Page 5 of Home Is the Place


  “What?!”

  “You heard me. That’s the end of the discussion. Go to your room until dinnertime.”

  Georgia marched into her room and slammed the door behind her. “It was just a mistake!” she shouted. “It was a misunderstanding. Just because I’m the responsible one, I’m the one who gets punished! You expect more from me. You never punish Richard, but you punish me all the time. I’m the one who gets the good grades, I’m the one who cleans my room and does my chores and practices my guitar. I do everything right, and then when the littlest thing goes wrong, I get punished. It isn’t fair.” Georgia held her ear to her door and listened for sounds from the living room. When she heard only the clacking of the keys on her mother’s laptop, she shouted again, “It isn’t fair!”

  Georgia rolled over in the unfamiliar bed in the unfamiliar room. The first thing she saw was her mother sleeping in a matching bed beside her.
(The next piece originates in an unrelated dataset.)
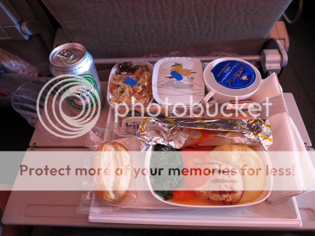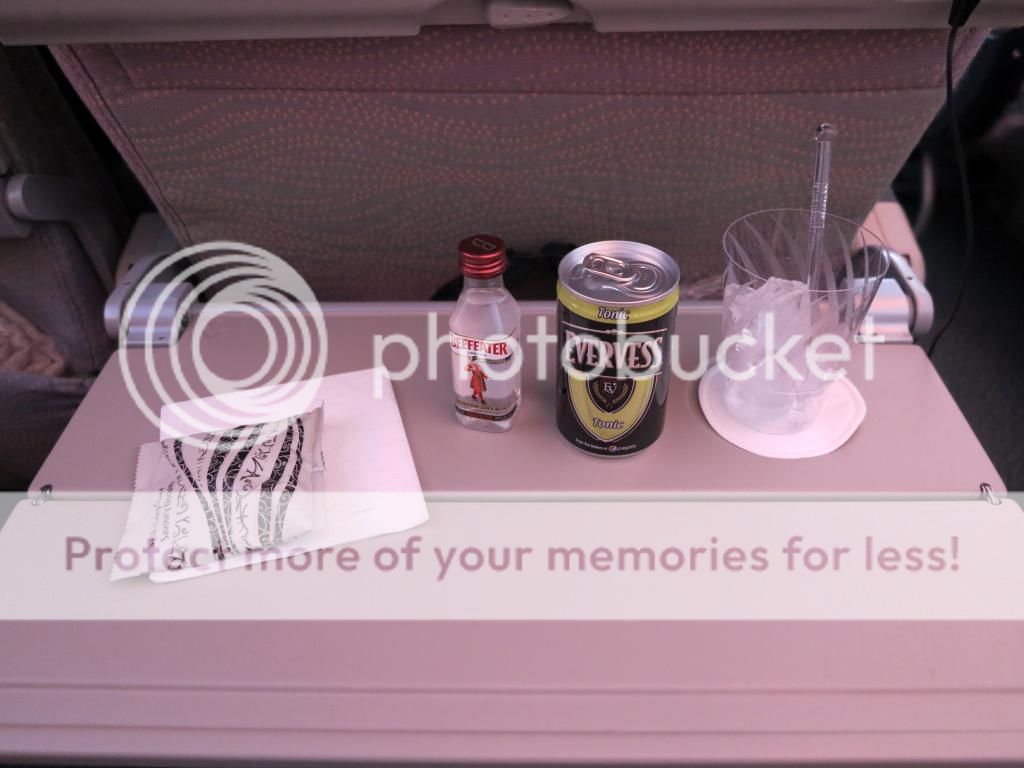 Spazzolo via tutto senza remore, sia perchè nel frattempo posso considerarmi ubriaco e sia anche perchè parliamo di una tra le migliori sbobbe mai provate in Y. Finora vince AZ, ma EK ha il plus del gintonic senza freni. L'assistente di volo che serve il mio settore ha anzi notato il mio stato di estasi, e mi ha offerto birra o gintonic al posto dell'acqua ad ogni passaggio.

She tiptoed to the window, quietly raised the venetian blind, and blinked in the sunlight. Below her was the world of West 73rd Street in Manhattan. She knew that if she could crane her head far enough to the right she’d be able to see West End Avenue. Georgia peeked at her watch. Seven thirty. Seven thirty on a Saturday morning and already the city was busy. Taxis glided by. A man hurried along walking three tiny white dogs on leashes that glittered. Each dog carried a toy in its mouth, and the man carried a brown paper bag in his free hand. A woman pushed a stroller with two screaming children in it. Even from the fourth floor Georgia could hear their shrieks. The woman checked her cell phone and ignored the noise.

  Georgia turned from the window and crept back to her bed. She lay there, smiling, recalling the events — they still seemed surreal to her — that had brought her to Nana Dana’s apartment for a weekend in Manhattan, and what she hoped was the beginning of her professional music career.

  Her adventure had begun just over a month earlier when, at the end of band practice at Barnegat Point Elementary one afternoon, Mr. Elden had crooked his finger at Georgia and said, “Could you stay for a few minutes, please? I need to talk to you about something.”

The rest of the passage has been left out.